Im ersten Gang - also beim Anfahren - erreichen aber alle Auttos diese maximale Beschleunigung, was man daran erkennt, dass man die Reifen zum Durchdrehen bringen kann. Dann nämlich hat man den Punkt der maximalen Beschleunigung (= maximal mögliche Kraftübertragung) überschritten.
Deshalb haben Formel-1-Renner ja auch die Schlupfkontrolle, die das Durchdrehen verhindert, so dass Schumi mit a_max loszischen kann.

Was hast du gegen meinen Ansatz?

Gruß
Oliver

Also, durch Vergleich und Nachrechung unserer Ansätze komme ich zu einer guten Ergänzung der Beiden.
Deine Ableitung konnte ich verwenden nachdem ich für F1 die Summe aus (Aufstandskraft + Kraft aus Achslastverlagerung) eingesetzt habe.
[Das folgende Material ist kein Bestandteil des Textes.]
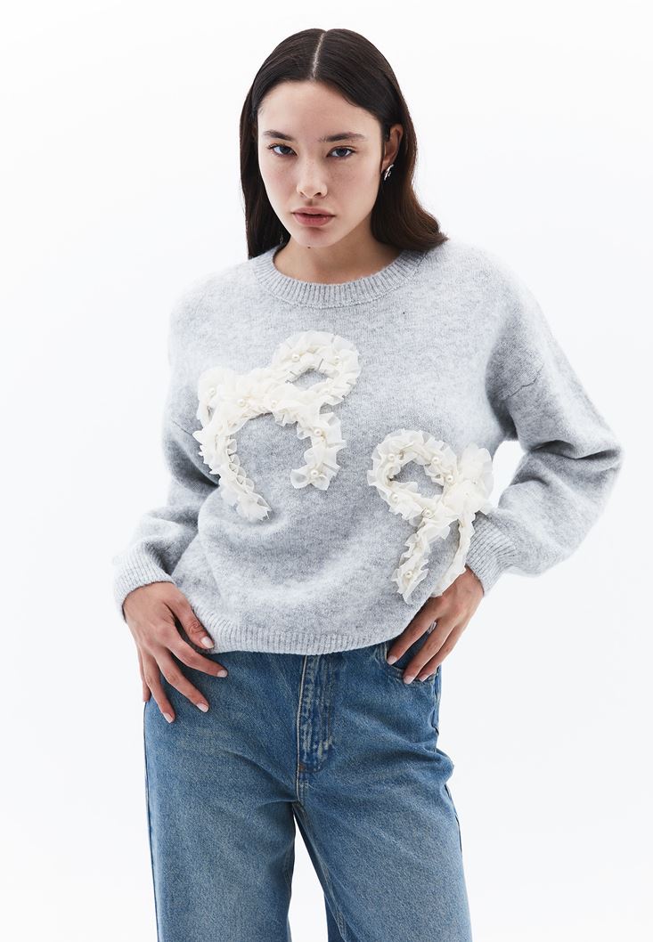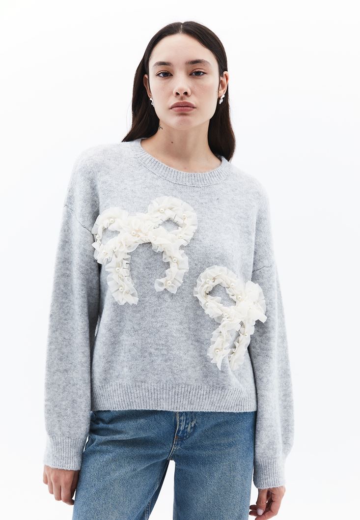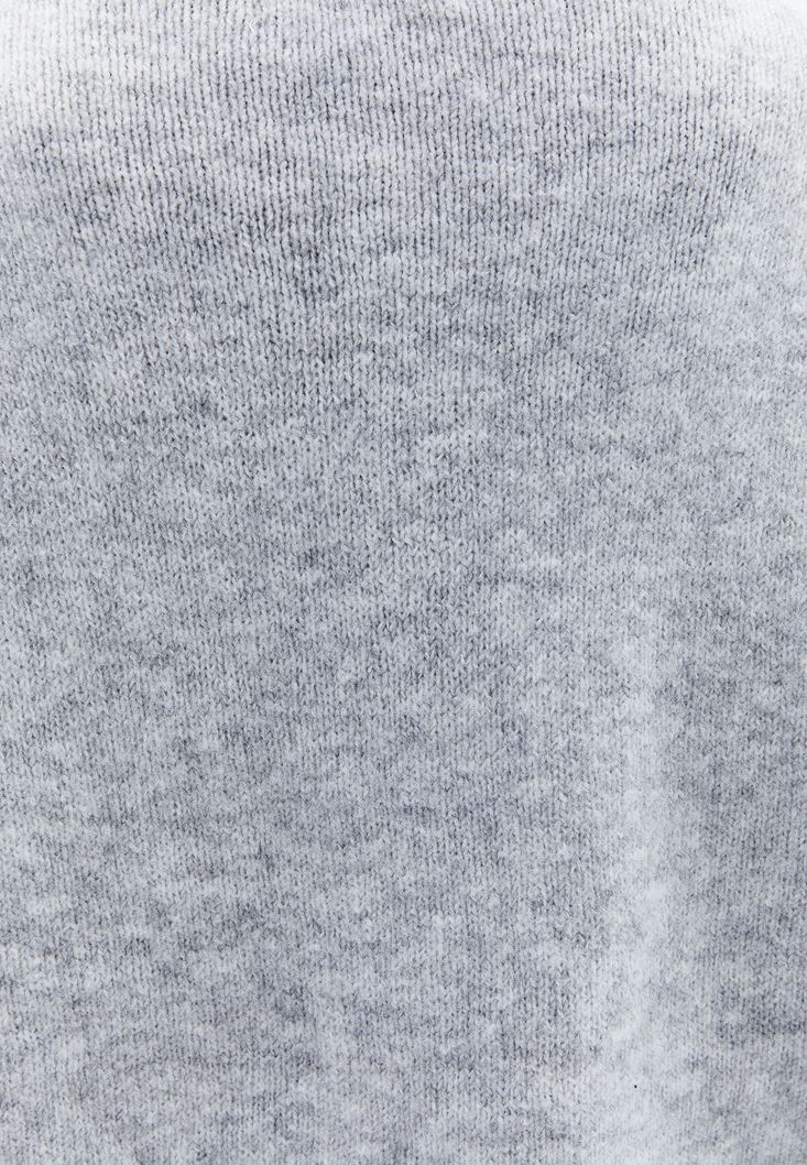 • Bayan Gri Yün Karışımlı Sıfır Yaka Kazak

Eine Zunahme der Hinterachslast mit einer entsprechenden Entlastung der Vorderachse entsteht bei jeder Beschleunigung ( konstant oder veränderlich) durch die Massenträgheit mit dem Hebelarm h.
Die Gleichungen aus dem gewählten Drehpunkt in Höhe h über der Vorderachse liefert mir dann die Kraft aus Achslastverlagerung aus der Variablen µ (Reibwert )

Mein Ansatz aus dem Drehpunkt im Aufstandspunkt der Vorderachse ergibt die auftretende Beschleunigung wenn ich die mit Deiner Ableitung gefundene zusätzliche Heck Achslast Fzus einsetze.
a = (Fzus x L) / (m x h)

Wenn ich reale Pkw Verhältnisse durchrechne, ergibt sich, dass bei üblichen Reibwerten die Rutschgrenze erreicht wird bevor die Achslastverlagerung kritische Werte annimmt. Diese können ev bei Sonderfahrzeugen oder Baumaschinen auftreten.
Wenn sich jemand dafür interessiert, kann ich ein Rechenbeispiel nachliefern.

Ich glaube mit dieser Verknüpfung unserer Ansätze kannst Du leben.

Gruß KED

Deine Ableitung konnte ich verwenden nachdem ich für F1 die
Summe aus (Aufstandskraft + Kraft aus Achslastverlagerung)
eingesetzt habe.

Dann hast du meine Ableitung nicht verstanden, denn in F1 stecken schon alle Kräfte drin, die beim Beschleunigen wirken. Wenn du jetzt nochmal Kräfte dazu addierst, wird’s falsch. Sorry.